With each successive revelation, Guzikowski’s brilliant script satisfies the necessary machinations while always flowing effortlessly from his vivid, multi-dimensional characters. That delicate balance extends to Villeneuve’s direction, which maintains a vise-like grip on the viewer without ever resorting to cheap shock effects or compromising the integrity of the human drama. Yet this is also a film that breathes, that knows it has the audience in its palm and can take time out for the kind of incidental, character-deepening scenes that usually end up on the cutting-room floor. In less assured hands, a movie called “Prisoners” with a plot like this would be an invitation to disaster, heavy on self-conscious allegory, symbolism and moral debate. (Everyone, don’t you see, is a prisoner of something — of time, of grief, of his own psyche.) In Villeneuve’s, nothing is belabored, the thorny questions of right and wrong bubbling under the surface without ever being declaimed.

Jackman has simply never been better than as this true believer forced to question his beliefs.
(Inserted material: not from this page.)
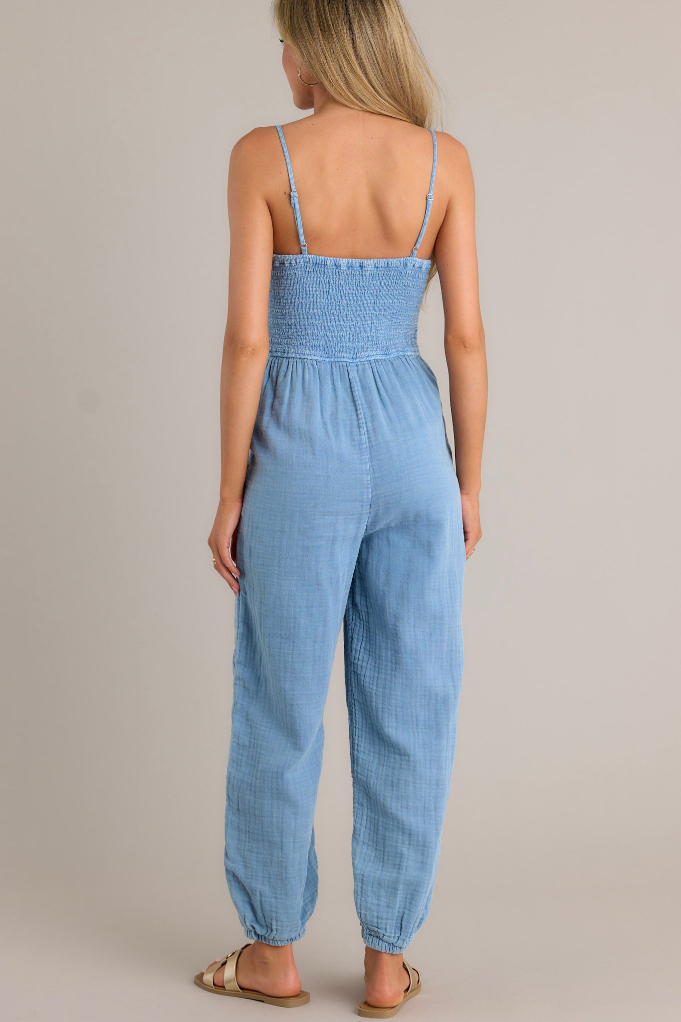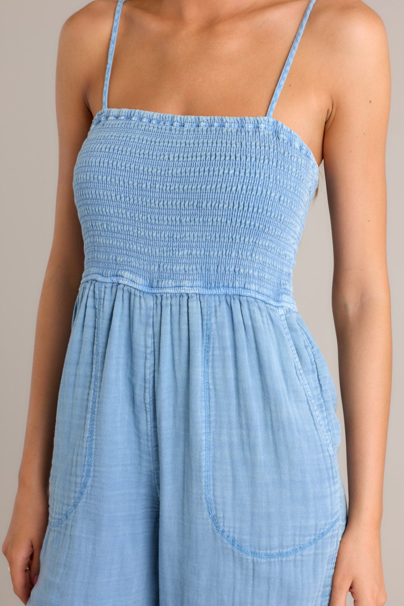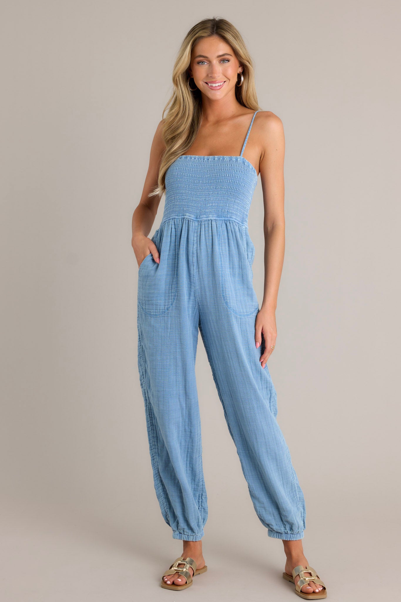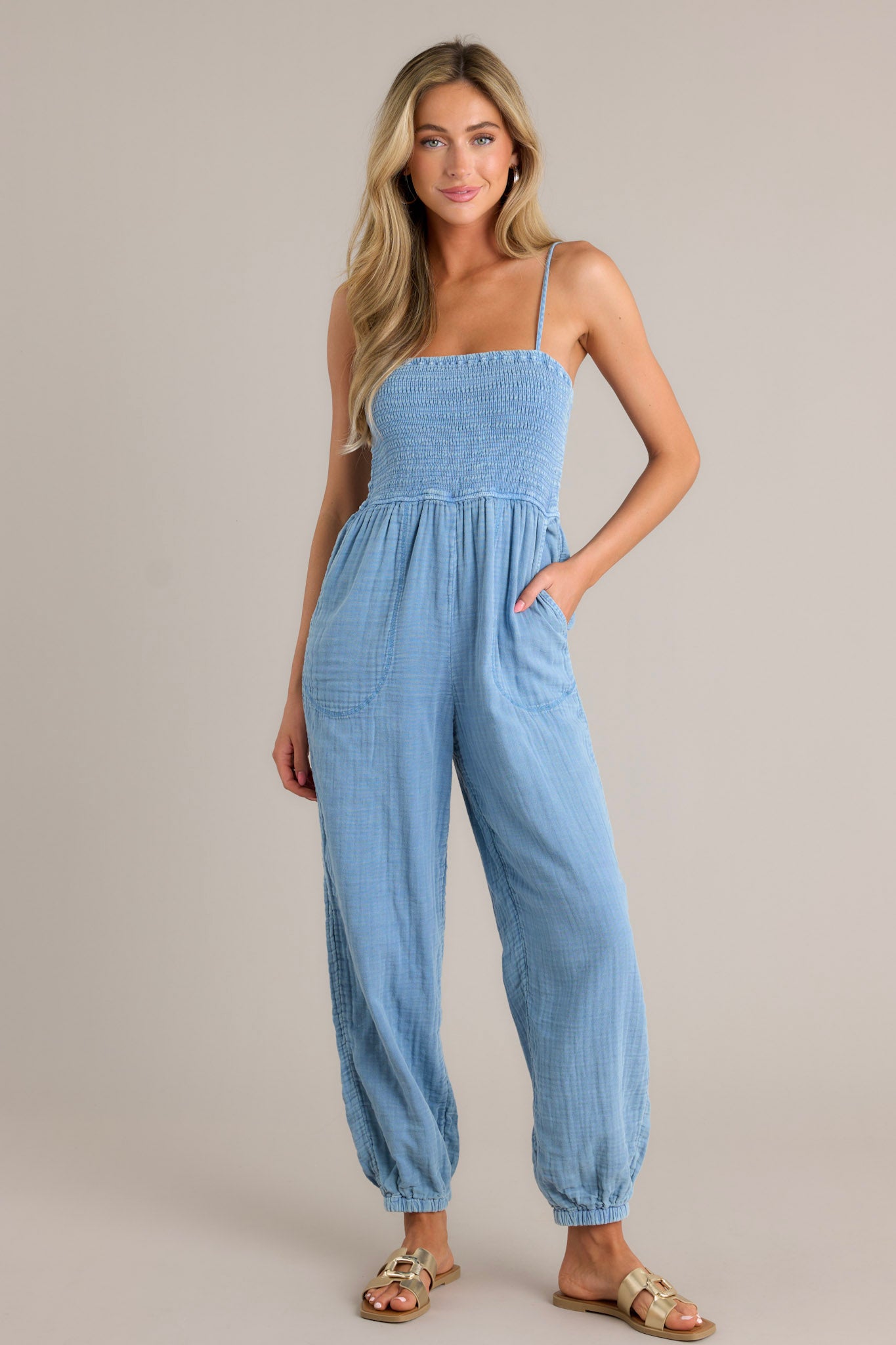 Introducing the Z Supply Santos Deep Indigo Gauze Jumpsuit - the ultimate combination of comfort and style. Made with lightweight and breathable fabric, this jumpsuit is perfect for any occasion. Dress it up or down, it's versatile enough for all your adventures. Upgrade your wardrobe and embrace effortless chic! This indigo jumpsuit features a square neckline, thin adjustable straps, a fully smocked bodice, functional hip pockets, a wide leg design, and elastic cuffed ankles.
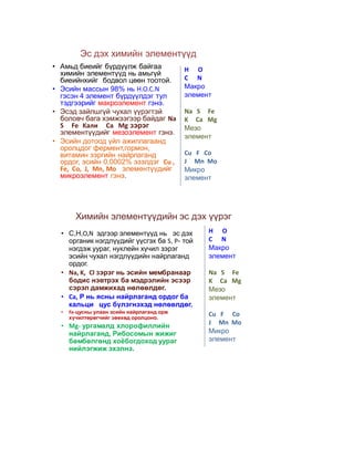 • С,Н,О,N эдгээр элементүүд нь эс дэх H O

Effortlessly, the Australian actor projects a solid, rugged Americanness, the acme of a man whose home is his castle and who sees himself as his family’s protector. It is a performance void of vanity or the desire to be loved by the audience, and moment to moment it is exhilarating to watch. In just a handful of scenes each, Bello and Davis suggest the full, inexpressible weight of motherly grief. Leo, given a role rife with opportunities to ham it up, instead plays things with the sober conviction of a disappointed life, another standout in a movie with nary a squandered performance in the mix.

In addition to Deakins’ stellar work, longtime Clint Eastwood editors Joel Cox and Gary Roach have done a formidable job of assembling the pic’s densely constructed narrative web. Score by Icelandic composer Johann Johannsson (also making his big-studio debut) strikes just the right haunting, mournful notes.